20 map_match="(\d{4}|\d{2})-(\d{1,2})" map_final="1" />
21 <map_step map_field_source="year"
22 map_match="(\d{4}|\d{2})-(\d{1,2})" map_replace="$1" />
23 <map_step map_field_set="month" map_origfieldval="1" />
24 <map_step map_field_source="month"
25 map_match="(\d{4}|\d{2})-(\d{1,2})" map_replace="$2" />
26</map>
Now we can also add some pretty printing (before the sourcemap
):
1<output_fieldcase>lower</output_fieldcase>
2<output_resolve>1</output_resolve>
3<output_safechars>1</output_safechars>
4<output_format>bibtex</output_format>
Putting it all together:
1<?xml version="1.0" encoding="utf-8"?>
2<!-- Got the date from https://gist.githubusercontent.com/mkouhia/f00fea7fc8d4effd9dfd/raw/500e9dbc6aa43a47e39c45ba230738ff4544709f/biblatex-to-bibtex.conf -->
3<config>
4 <output_fieldcase>lower</output_fieldcase>
5 <output_resolve>1</output_resolve>
6 <output_safechars>1</output_safechars>
7 <output_format>bibtex</output_format>
8 <sourcemap>
9 <maps datatype="bibtex">
10 <!-- Easy type conversions -->
11 <map>
12 <map_step map_type_source="report" map_type_target="techreport"/>
13 <map_step map_type_source="online" map_type_target="misc"/>
14 </map>
15 <!-- Date to year, month -->
16 <map>
17 <map_step map_field_source="date"
18 map_field_target="year" />
19 </map>
20 <map>
21 <map_step map_field_source="year"
22 map_match="(\d{4}|\d{2})-(\d{1,2})-(\d{1,2})"
23 map_final="1" />
24 <map_step map_field_source="year"
25 map_match="(\d{4}|\d{2})-(\d{1,2})-(\d{1,2})"
26 map_replace="$1" />
27 <map_step map_field_set="month" map_origfieldval="1" />
28 <map_step map_field_source="month"
29 map_match="(\d{4}|\d{2})-(\d{1,2})-(\d{1,2})"
30 map_replace="$2" />
31 </map>
32 <map>
33 <map_step map_field_source="year"
34 map_match="(\d{4}|\d{2})-(\d{1,2})" map_final="1" />
35 <map_step map_field_source="year"
36 map_match="(\d{4}|\d{2})-(\d{1,2})" map_replace="$1" />
37 <map_step map_field_set="month" map_origfieldval="1" />
38 <map_step map_field_source="month"
39 map_match="(\d{4}|\d{2})-(\d{1,2})" map_replace="$2" />
40 </map>
41 </maps>
42 </sourcemap>
43</config>
However, we have not yet mapped journaltitle
and location
. These are now easier to set on the command line so we shall do so.

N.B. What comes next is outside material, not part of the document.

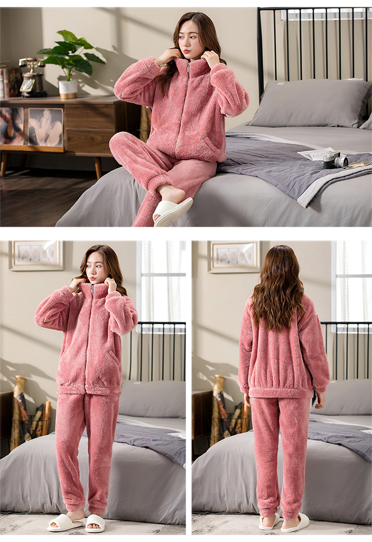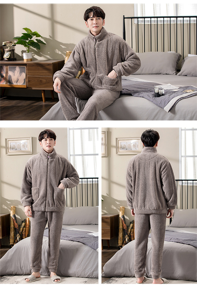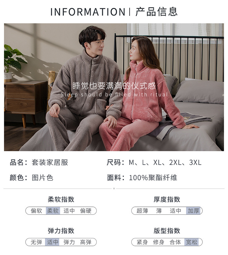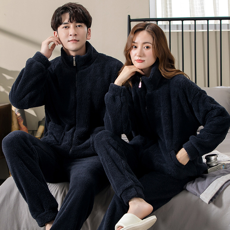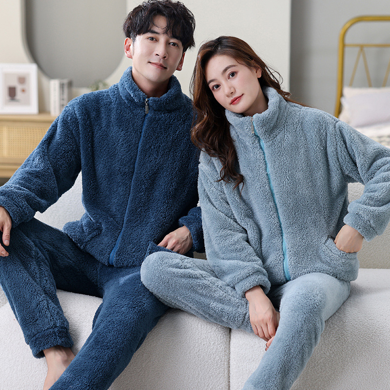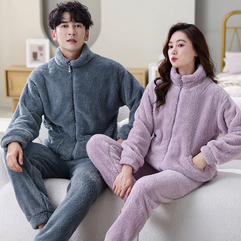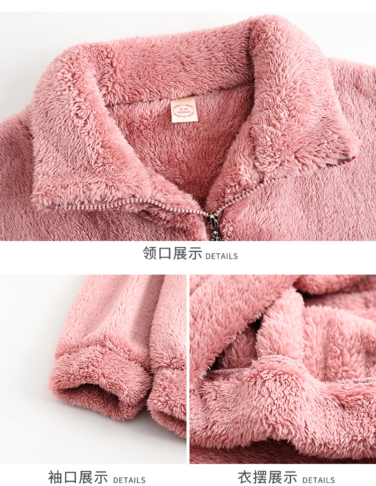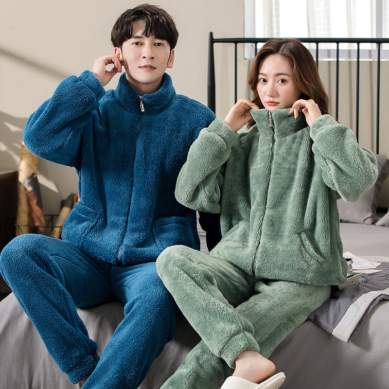 산호 양털 커플 잠옷 여성 가을과 겨울 두꺼운 플란넬 남성 캐주얼 간단한 지퍼 겉옷 홈웨어

Also note that in order to have the date
logic work, we will need the --output-legacy-date
option as well.
1# Runs
2biber --tool --configfile=biberConf.xml references.bib --output-file refsTmp.bib --output-legacy-date --output-field-replace=location:address,journaltitle:journal
This gives a sphinx
compatible file:
1@misc{grasedyckParameterdependentSmootherMultigrid2020,
2 author = {Grasedyck, Lars and Klever, Maren and L\"{o}bbert, Christian and Werthmann, Tim A.},
3 url = {http://arxiv.org/abs/2008.00927},
4 eprint = {2008.00927},
5 eprinttype = {arxiv},
6 keywords = {65N55; 15A69,Mathematics - Numerical Analysis},
7 month = {08},
8 title = {A Parameter-Dependent Smoother for the Multigrid Method},
9 urldate = {2021-05-22},
10 year = {2020},
11}
12
13@article{grasedyckDistributedHierarchicalSVD2018,
14 author = {Grasedyck, Lars and L\"{o}bbert, Christian},
15 url = {https://onlinelibrary.wiley.com/doi/abs/10.1002/nla.2174},
16 annotation = {\_eprint: https://onlinelibrary.wiley.com/doi/pdf/10.1002/nla.2174},
17 doi = {10.1002/nla.2174},
18 issn = {1099-1506},
19 journal = {Numerical Linear Algebra with Applications},
20 keywords = {Hierarchical Tucker,HT,multigrid,parallel algorithms,SVD,tensor arithmetic},
21 langid = {english},
22 number = {6},
23 pages = {e2174},
24 title = {Distributed Hierarchical {{SVD}} in the {{Hierarchical Tucker}} Format},
25 urldate = {2021-05-22},
26 volume = {25},
27 year = {2018},
28}
29
30@article{grasedyckHierarchicalSingularValue2010,
31 author = {Grasedyck, Lars},
32 publisher = {Society for Industrial and Applied Mathematics},
33 url = {https://epubs.siam.org/doi/abs/10.1137/090764189},
34 doi = {10.1137/090764189},
35 issn = {0895-4798},
36 journal = {SIAM Journal on Matrix Analysis and Applications},
37 month = {01},
38 number = {4},
39 pages = {2029--2054},
40 shortjournal = {SIAM J. Matrix Anal. Appl.},
41 title = {Hierarchical {{Singular Value Decomposition}} of {{Tensors}}},
42 urldate = {2021-05-22},
43 volume = {31},
44 year = {2010},
45}
Conclusions
This was a rather annoying excursion into the unpleasant underbelly of bibtex
and biblatex
. The biber
solution is actually rather elegant, but most definitely not immediately obvious.